Psychologist and near-death expert Kenneth Ring sees such creative visions as heralding the shamanizing of modern humanity – that is, helping to develop ‘our latent capacities for imaginal perception’.25 The human capacity for exercising ‘imaginal perception’, for creative visions, may indeed help our species to experience – or endure – the ‘shamanizing process’ of our global rites of passage towards a more functional planetary mind. Philosopher Michael Grosso also notes how a new type of species mind arises out of critical times, amid the collective possibility of annihilation; in other words, the threat of species death catalyses the rise of a species ‘mind-at-large’.26 The transition to a planetary mind, a more evolved state of human consciousness, will be crucial for the continuation of our species upon Earth. As Vaclav Havel pointed out in 1991 in a speech to the joint session of US Congress:
Without a global revolution in the sphere of human consciousness, nothing will change for the better … and the catastrophe towards which this world is headed – the ecological, social, demographic, or general breakdown of civilization – will be unavoidable.
A more empathic mindset is needed for our planetary future; an empathic consciousness that recognizes the evolutionary process and acts responsibly in light of this perception.
The future is more likely to drive towards a singularity of mindset than a technological singularity, as when the finite energy sources upon our planet dwindle we will be required to increase the psychic potency of our collective thinking. It is this transition that will be discussed in the following chapters. So far, the first part of this book has dealt with the formation of our current mindset, and how our modern technological state of mind has now brought us to a critical impasse.

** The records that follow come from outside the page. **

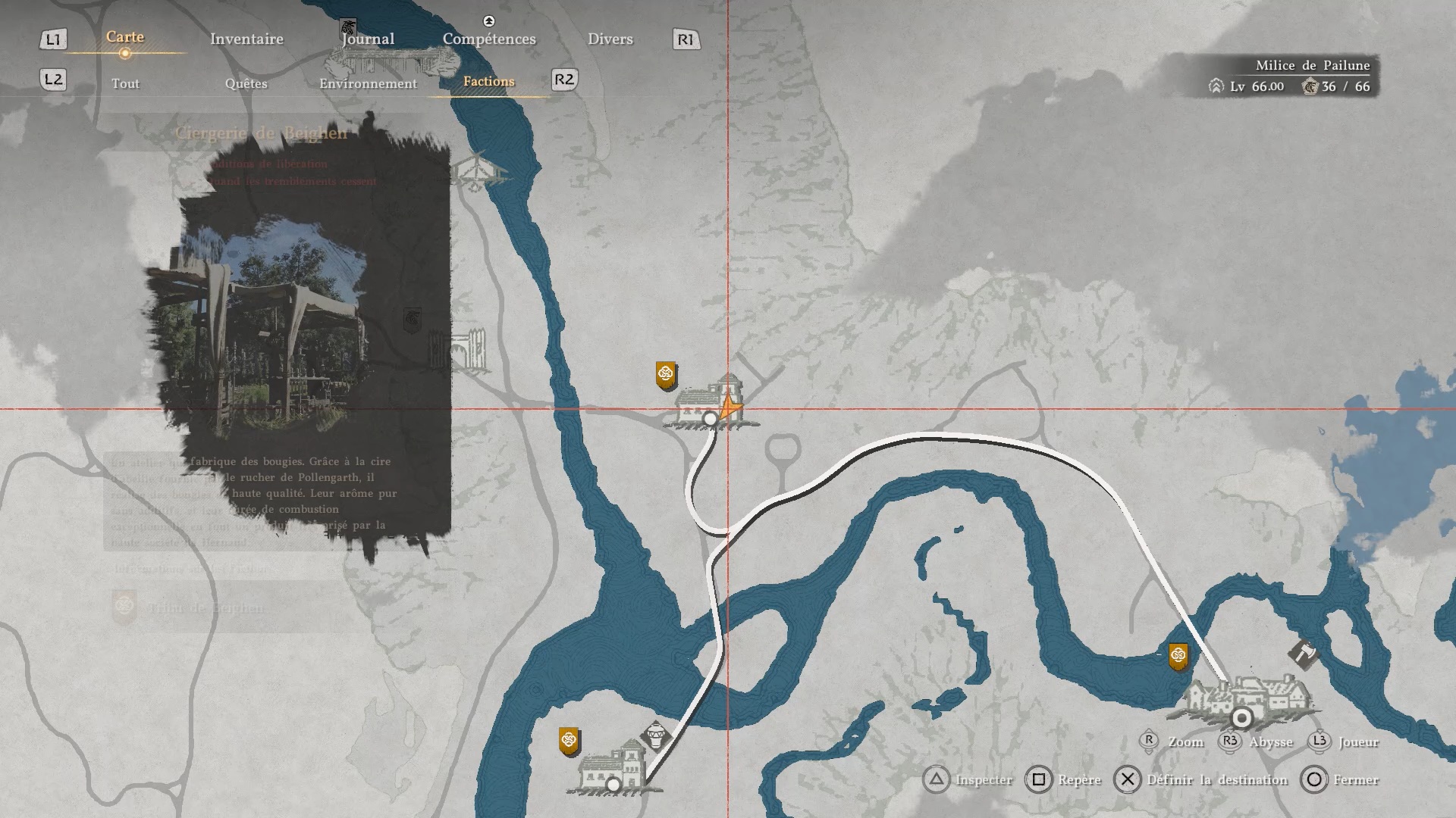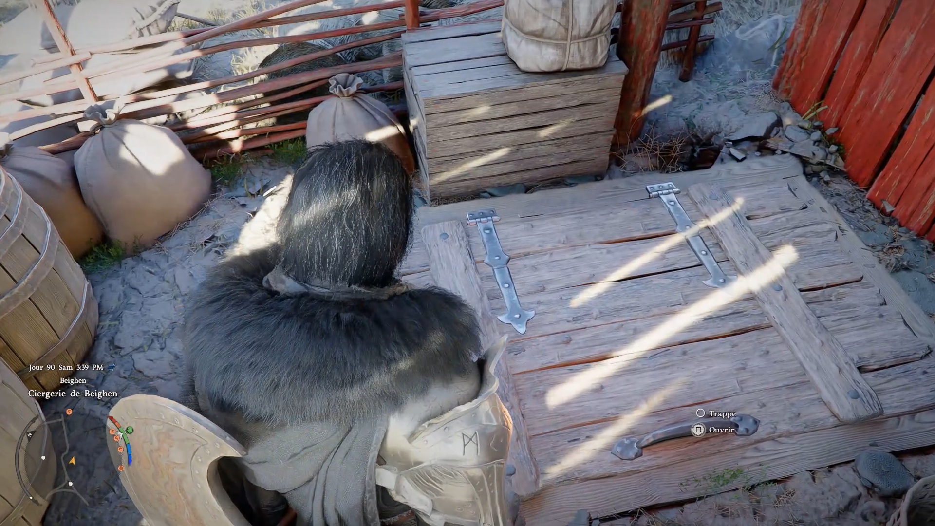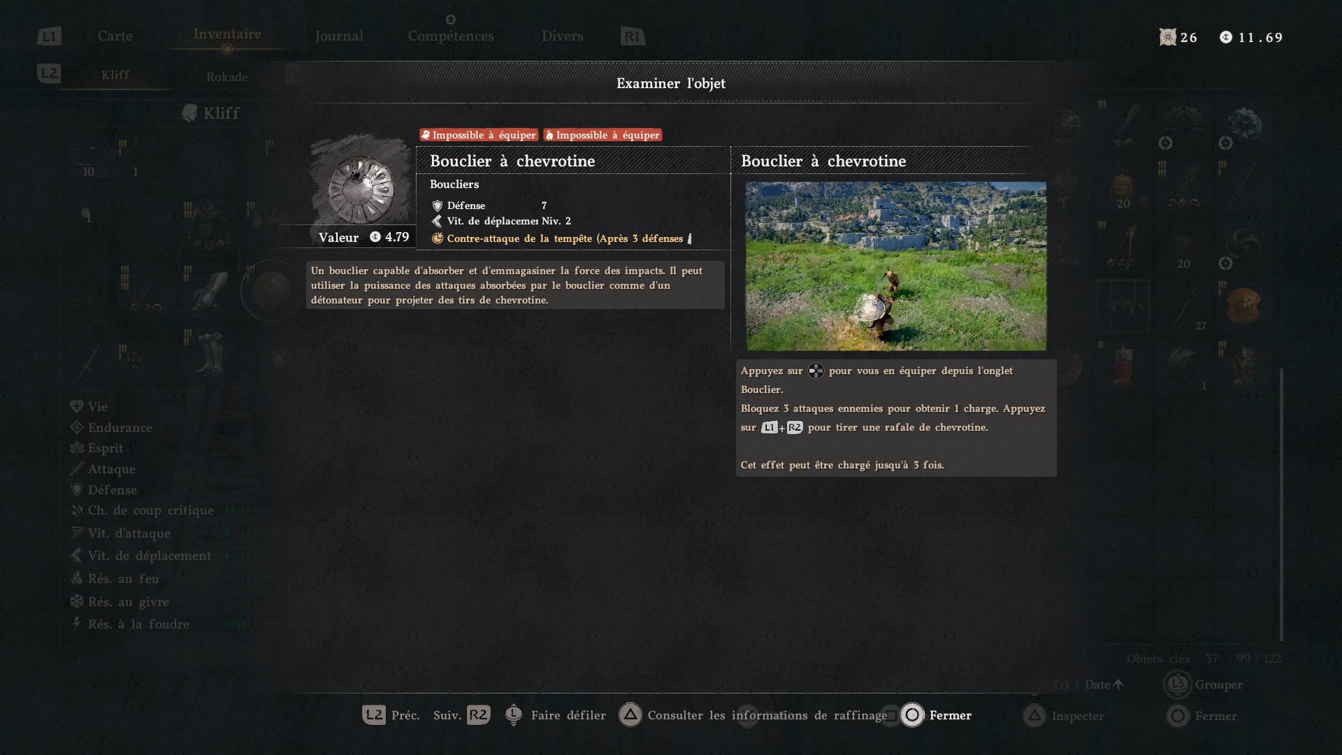 Le grand bouclier de Lucon se trouve sous la « Ciergerie de Beighen », au sud-est de « Pailune ». Au centre de la ciergerie, repérez une trappe au sol près d’un feu. Ouvrez-la pour accéder au sous-sol. Sur la droite, un trou dans le mur permet de passer : accroupissez-vous pour vous faufiler et atteindre la salle contenant le coffre.
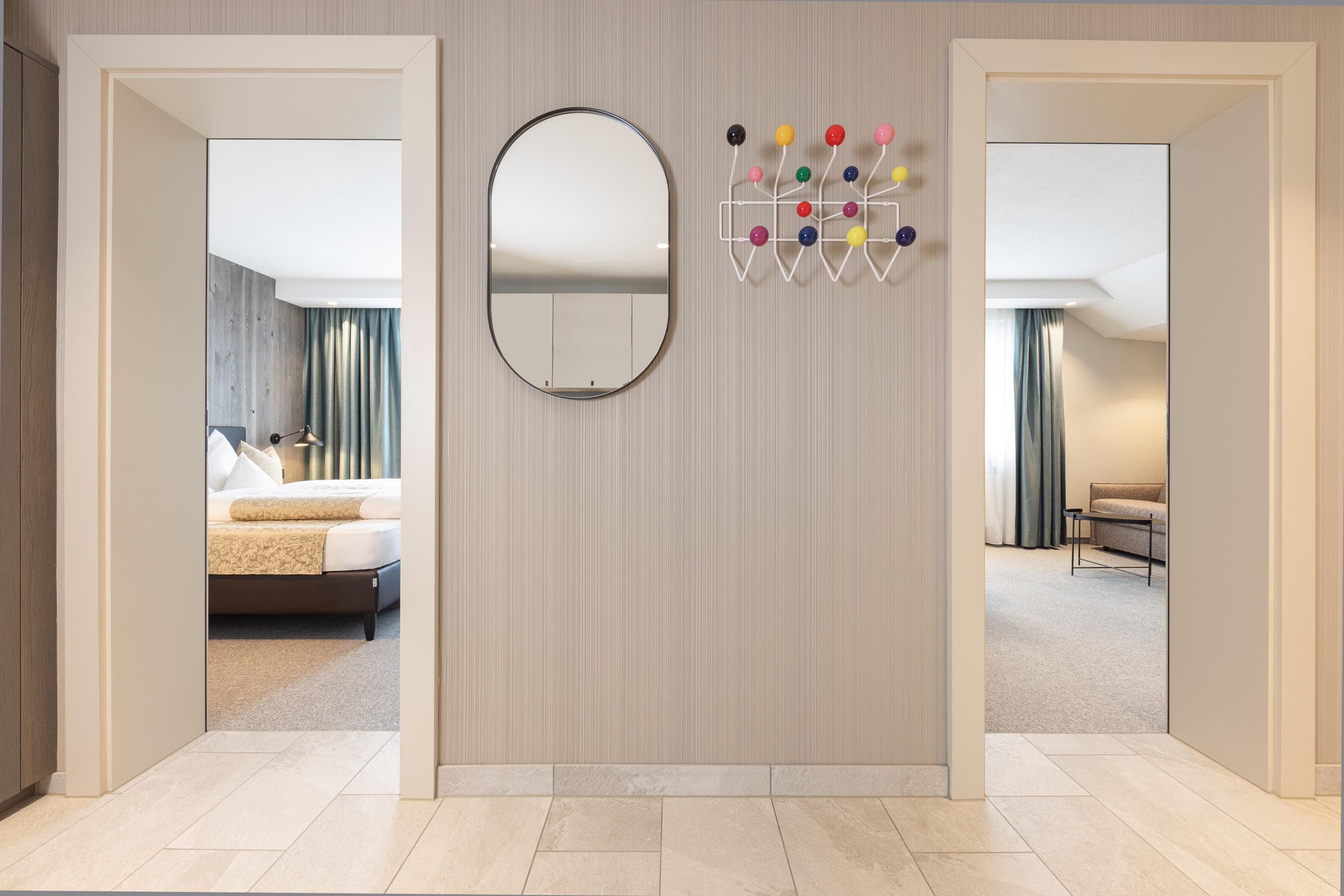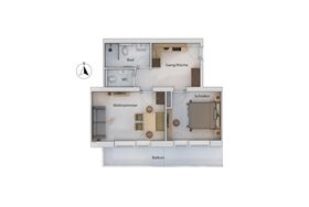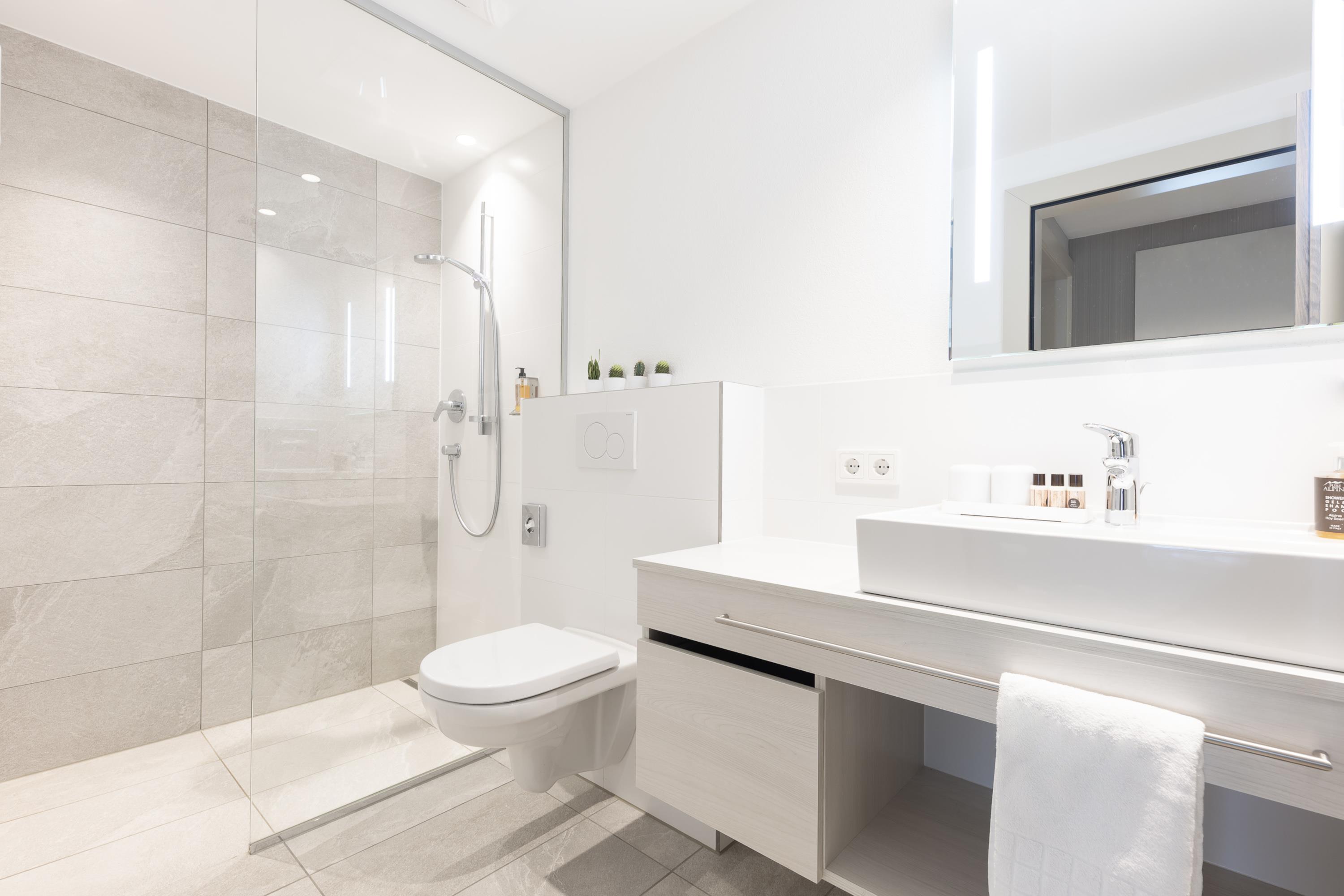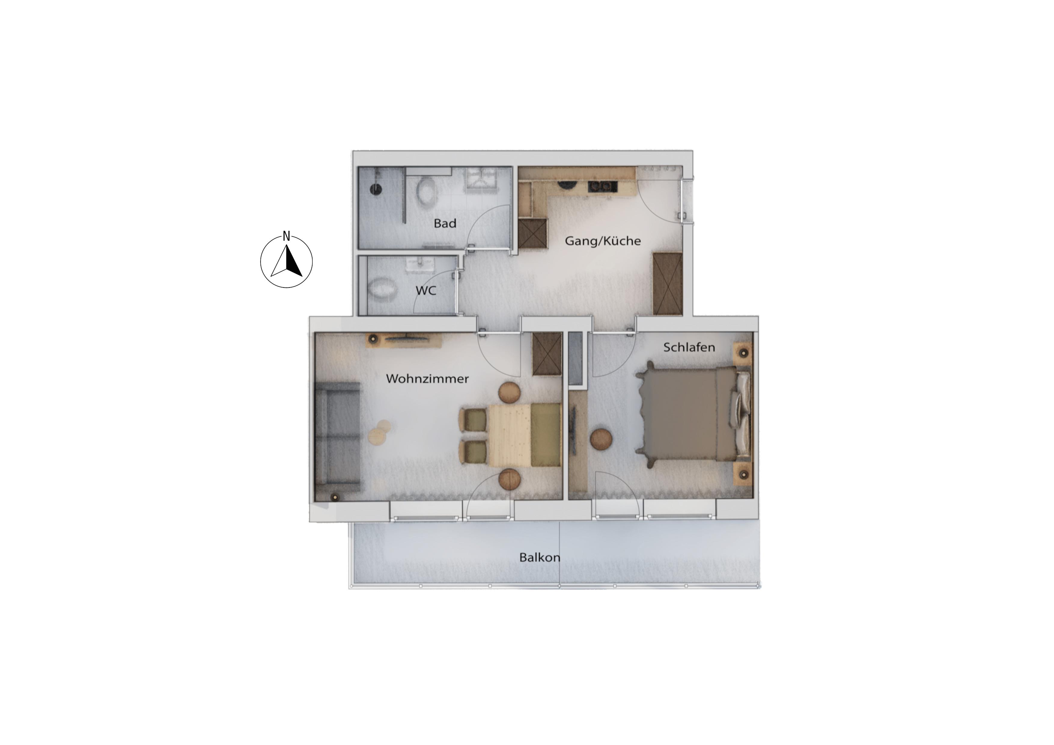 Appartement 9 mit ca. 45 m² im 2. Obergeschoss: Eingangsbereich mit Garderobe und Küche (4-Platten-Herd, Mikrowelle, Spülmaschine, Filterkaffeemaschine, Teekocher, Toaster, Geschir, Kochutensilien usw.); 1 Badezimmer mit Dusche/WC; 1 separate Toilette; 1 Schlafzimmer mit Doppelbett; Wohnraum mit Essplatz und 2 zusätzlichen Schlafmöglichkeiten; Südbalkon für erholsame Stunden.
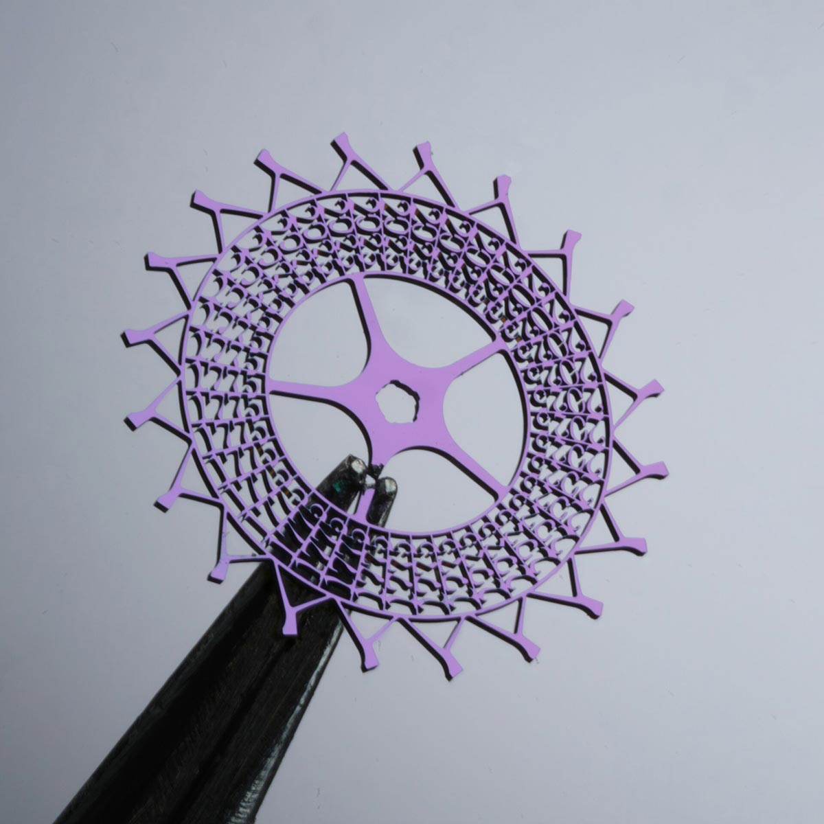 The double silicon balance springs, mounted in opposing alignment, cancel out any asymmetry in their breathing. The silicon lever retains conventional ruby pallets for durability, and the escape wheel, also silicon, is etched so that its spokes form numerals. As it spins, these create a phenakistoscope animation that alternates between “1775” and “2025” twenty frames per second: a fun, discreet, exclusive, and elegant nod to the brand’s anniversary.
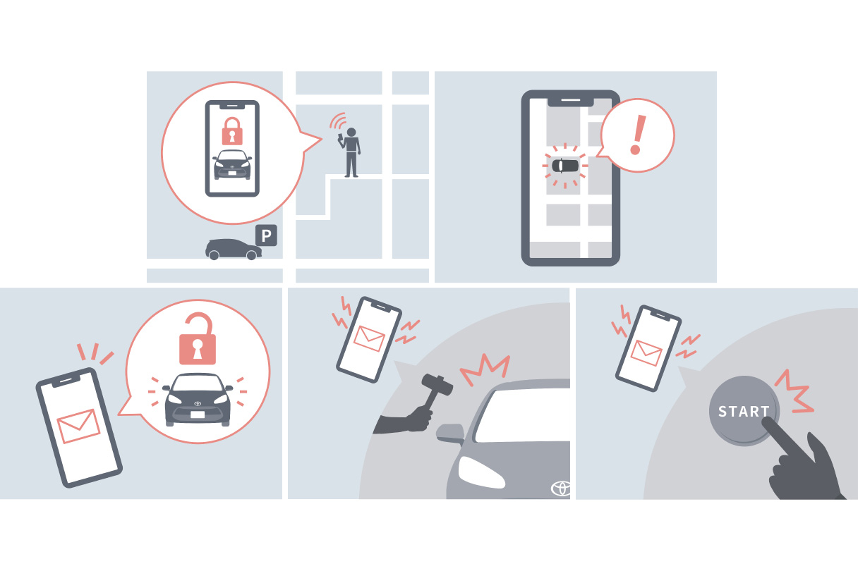 ドアのこじ開けなどによるオートアラーム作動を検知すると「My TOYOTA+」やメール*1にお知らせします。

We have now entered the crisis window, the transition phase – that heroic journey into the underworld – where we will be forced to experience a shamanic initiatory experience, perhaps a near-death experience, before we can emerge as an adolescent species with a new, more mature mind. Until we reach that stage, however, we will have to struggle with the death throes of the old mind, as old systems cling to power and global infrastructures attempt to remain in control of a world in transition.